### RECORD EXCERPTS
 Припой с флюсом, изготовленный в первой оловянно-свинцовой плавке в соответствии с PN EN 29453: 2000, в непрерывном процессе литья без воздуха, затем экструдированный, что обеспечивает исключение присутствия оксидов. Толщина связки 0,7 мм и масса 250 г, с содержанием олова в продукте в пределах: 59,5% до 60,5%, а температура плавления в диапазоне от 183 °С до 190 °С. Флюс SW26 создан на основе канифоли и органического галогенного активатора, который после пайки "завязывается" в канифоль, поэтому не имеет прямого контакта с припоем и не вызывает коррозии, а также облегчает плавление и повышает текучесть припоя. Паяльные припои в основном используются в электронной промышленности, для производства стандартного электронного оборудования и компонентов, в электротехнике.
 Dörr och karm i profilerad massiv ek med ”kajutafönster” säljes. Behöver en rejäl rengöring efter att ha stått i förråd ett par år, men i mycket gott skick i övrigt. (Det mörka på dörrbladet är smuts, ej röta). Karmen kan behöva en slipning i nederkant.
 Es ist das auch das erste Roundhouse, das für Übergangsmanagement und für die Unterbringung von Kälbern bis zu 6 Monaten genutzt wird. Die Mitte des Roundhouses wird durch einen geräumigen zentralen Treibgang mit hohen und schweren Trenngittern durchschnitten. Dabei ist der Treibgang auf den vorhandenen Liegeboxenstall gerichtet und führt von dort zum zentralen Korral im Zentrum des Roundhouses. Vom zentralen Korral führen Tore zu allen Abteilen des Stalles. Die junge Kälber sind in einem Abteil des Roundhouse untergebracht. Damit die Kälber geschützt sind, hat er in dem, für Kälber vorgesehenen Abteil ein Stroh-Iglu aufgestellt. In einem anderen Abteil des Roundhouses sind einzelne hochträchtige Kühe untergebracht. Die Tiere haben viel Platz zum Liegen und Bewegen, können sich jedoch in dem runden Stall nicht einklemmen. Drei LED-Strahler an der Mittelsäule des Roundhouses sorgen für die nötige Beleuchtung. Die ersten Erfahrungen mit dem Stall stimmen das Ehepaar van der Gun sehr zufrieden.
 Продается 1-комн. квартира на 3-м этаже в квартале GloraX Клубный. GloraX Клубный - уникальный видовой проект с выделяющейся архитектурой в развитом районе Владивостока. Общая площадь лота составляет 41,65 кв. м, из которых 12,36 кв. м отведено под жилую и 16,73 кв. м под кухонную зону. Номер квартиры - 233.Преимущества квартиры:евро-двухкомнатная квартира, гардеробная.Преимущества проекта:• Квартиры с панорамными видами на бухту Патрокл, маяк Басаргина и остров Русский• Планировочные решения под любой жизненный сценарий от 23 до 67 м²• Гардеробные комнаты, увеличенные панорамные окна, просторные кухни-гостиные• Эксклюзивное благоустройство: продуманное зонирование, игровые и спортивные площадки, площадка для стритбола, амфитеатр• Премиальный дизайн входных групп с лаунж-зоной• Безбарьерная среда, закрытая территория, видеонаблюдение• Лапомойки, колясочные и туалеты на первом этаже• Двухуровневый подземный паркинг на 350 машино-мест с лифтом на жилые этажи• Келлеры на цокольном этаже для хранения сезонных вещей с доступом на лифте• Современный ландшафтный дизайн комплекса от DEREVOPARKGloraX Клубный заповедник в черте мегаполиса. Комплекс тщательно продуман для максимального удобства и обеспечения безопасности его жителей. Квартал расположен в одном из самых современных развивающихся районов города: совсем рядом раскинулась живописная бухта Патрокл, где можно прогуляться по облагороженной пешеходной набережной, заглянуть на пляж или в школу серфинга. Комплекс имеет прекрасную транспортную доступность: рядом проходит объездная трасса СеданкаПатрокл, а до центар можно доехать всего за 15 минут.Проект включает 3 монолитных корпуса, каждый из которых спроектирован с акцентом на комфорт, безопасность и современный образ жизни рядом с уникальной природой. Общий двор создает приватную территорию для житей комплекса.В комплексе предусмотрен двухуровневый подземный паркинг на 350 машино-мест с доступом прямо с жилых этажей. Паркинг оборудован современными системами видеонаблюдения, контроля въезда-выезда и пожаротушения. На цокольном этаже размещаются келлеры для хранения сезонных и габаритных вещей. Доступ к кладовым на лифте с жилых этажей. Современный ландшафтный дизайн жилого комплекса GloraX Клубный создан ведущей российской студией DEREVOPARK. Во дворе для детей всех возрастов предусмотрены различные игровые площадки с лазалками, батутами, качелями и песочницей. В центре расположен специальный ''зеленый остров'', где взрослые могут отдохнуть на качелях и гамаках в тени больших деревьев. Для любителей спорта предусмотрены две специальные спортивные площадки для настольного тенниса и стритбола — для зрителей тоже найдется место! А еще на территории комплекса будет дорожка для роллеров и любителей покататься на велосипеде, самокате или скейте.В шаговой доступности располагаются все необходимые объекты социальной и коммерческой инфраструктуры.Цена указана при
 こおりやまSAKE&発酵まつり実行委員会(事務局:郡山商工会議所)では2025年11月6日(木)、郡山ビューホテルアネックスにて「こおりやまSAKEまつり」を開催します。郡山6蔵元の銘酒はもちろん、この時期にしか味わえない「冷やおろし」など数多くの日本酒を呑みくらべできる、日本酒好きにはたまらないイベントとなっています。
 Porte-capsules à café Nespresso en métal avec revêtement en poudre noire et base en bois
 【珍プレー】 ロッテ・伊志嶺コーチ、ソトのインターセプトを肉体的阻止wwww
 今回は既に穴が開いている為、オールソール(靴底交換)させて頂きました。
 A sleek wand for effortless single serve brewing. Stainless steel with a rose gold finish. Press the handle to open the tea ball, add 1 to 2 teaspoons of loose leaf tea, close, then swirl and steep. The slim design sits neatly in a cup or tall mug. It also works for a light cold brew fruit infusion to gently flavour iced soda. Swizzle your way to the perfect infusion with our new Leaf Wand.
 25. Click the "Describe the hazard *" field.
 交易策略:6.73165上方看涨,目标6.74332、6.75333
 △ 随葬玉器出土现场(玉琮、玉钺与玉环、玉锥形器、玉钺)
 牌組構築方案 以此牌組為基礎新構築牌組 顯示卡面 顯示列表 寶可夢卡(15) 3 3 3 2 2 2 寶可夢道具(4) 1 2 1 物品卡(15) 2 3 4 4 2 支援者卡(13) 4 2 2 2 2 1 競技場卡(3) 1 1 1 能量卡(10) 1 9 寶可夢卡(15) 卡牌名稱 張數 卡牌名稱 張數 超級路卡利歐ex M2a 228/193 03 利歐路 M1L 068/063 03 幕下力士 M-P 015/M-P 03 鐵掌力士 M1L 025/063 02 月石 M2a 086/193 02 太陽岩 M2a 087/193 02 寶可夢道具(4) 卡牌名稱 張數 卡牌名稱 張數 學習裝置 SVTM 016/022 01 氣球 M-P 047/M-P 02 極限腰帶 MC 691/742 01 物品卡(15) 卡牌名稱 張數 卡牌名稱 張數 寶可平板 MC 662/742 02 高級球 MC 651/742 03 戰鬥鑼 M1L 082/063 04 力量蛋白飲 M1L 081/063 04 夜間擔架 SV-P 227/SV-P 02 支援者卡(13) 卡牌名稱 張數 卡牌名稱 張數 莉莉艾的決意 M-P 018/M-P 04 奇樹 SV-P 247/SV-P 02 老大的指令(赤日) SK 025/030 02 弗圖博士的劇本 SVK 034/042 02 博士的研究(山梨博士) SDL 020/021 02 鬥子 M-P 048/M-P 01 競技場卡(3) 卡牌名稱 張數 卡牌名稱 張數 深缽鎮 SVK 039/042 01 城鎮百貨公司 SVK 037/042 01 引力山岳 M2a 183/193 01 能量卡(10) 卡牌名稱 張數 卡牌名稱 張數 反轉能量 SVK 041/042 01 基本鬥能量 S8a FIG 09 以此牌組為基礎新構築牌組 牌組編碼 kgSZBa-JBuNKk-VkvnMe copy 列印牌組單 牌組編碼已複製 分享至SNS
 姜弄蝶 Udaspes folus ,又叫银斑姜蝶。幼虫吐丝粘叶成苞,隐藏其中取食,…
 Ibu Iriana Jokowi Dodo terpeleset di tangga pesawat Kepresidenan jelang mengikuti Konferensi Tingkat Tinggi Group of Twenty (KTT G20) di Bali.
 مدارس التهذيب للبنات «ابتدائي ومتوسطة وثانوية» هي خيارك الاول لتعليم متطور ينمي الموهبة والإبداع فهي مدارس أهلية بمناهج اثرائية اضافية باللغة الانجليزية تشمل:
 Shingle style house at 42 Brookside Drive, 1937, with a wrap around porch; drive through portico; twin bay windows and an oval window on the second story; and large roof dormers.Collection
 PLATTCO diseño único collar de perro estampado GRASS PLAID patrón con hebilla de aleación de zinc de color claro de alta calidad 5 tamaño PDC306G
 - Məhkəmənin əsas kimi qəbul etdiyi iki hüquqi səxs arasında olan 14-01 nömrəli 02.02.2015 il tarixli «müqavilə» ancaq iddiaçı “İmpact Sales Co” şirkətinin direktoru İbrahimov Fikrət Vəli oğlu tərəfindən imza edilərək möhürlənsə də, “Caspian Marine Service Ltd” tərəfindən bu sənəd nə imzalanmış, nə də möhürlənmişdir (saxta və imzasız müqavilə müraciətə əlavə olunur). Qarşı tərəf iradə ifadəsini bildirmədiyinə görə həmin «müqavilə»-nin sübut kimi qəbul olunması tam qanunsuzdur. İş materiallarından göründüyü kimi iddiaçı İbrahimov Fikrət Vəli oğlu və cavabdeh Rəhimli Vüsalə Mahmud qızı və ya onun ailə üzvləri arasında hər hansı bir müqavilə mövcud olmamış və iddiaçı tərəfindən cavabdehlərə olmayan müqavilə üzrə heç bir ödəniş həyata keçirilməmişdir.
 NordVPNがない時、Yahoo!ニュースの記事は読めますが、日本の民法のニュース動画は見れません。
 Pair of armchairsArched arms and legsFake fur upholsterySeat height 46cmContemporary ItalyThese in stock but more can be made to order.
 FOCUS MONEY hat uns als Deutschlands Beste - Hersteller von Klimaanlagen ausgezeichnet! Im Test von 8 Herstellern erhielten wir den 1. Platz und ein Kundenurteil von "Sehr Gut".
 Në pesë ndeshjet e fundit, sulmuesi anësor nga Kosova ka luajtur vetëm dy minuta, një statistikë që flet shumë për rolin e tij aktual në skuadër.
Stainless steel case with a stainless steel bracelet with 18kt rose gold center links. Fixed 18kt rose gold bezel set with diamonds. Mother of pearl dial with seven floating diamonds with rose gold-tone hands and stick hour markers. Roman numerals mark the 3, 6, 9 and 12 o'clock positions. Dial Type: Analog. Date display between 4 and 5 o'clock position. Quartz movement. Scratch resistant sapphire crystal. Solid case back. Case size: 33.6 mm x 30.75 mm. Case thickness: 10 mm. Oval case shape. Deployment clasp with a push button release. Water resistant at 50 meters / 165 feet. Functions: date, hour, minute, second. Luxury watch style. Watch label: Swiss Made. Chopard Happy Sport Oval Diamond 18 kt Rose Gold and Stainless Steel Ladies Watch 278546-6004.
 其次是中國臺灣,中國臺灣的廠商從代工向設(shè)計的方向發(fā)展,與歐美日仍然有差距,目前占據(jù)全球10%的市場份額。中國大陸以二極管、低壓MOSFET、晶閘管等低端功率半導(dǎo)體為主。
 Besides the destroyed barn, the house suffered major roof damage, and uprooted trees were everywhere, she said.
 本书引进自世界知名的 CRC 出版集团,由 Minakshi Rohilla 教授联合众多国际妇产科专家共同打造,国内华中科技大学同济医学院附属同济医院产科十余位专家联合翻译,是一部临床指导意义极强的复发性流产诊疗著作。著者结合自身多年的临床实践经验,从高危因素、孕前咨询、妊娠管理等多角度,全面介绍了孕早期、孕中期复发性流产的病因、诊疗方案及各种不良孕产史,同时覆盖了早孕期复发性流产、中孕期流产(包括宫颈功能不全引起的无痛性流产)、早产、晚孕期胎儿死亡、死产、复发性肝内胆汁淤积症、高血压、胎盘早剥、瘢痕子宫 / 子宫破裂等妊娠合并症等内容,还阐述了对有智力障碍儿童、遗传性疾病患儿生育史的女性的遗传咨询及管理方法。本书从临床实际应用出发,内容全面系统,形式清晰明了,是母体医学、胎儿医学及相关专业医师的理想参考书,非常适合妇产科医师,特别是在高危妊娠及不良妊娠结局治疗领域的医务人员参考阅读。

### ACTION ITEM
Extract from the listing above the lines between the line containing "今回は既に穴が開いている為、オールソール(靴底交換)させて頂きました。" and the line containing "25. Click the", keeping both of those lines. Output nothing else.

### PROBLEM SOLUTION
 今回は既に穴が開いている為、オールソール(靴底交換)させて頂きました。
 A sleek wand for effortless single serve brewing. Stainless steel with a rose gold finish. Press the handle to open the tea ball, add 1 to 2 teaspoons of loose leaf tea, close, then swirl and steep. The slim design sits neatly in a cup or tall mug. It also works for a light cold brew fruit infusion to gently flavour iced soda. Swizzle your way to the perfect infusion with our new Leaf Wand.
 25. Click the "Describe the hazard *" field.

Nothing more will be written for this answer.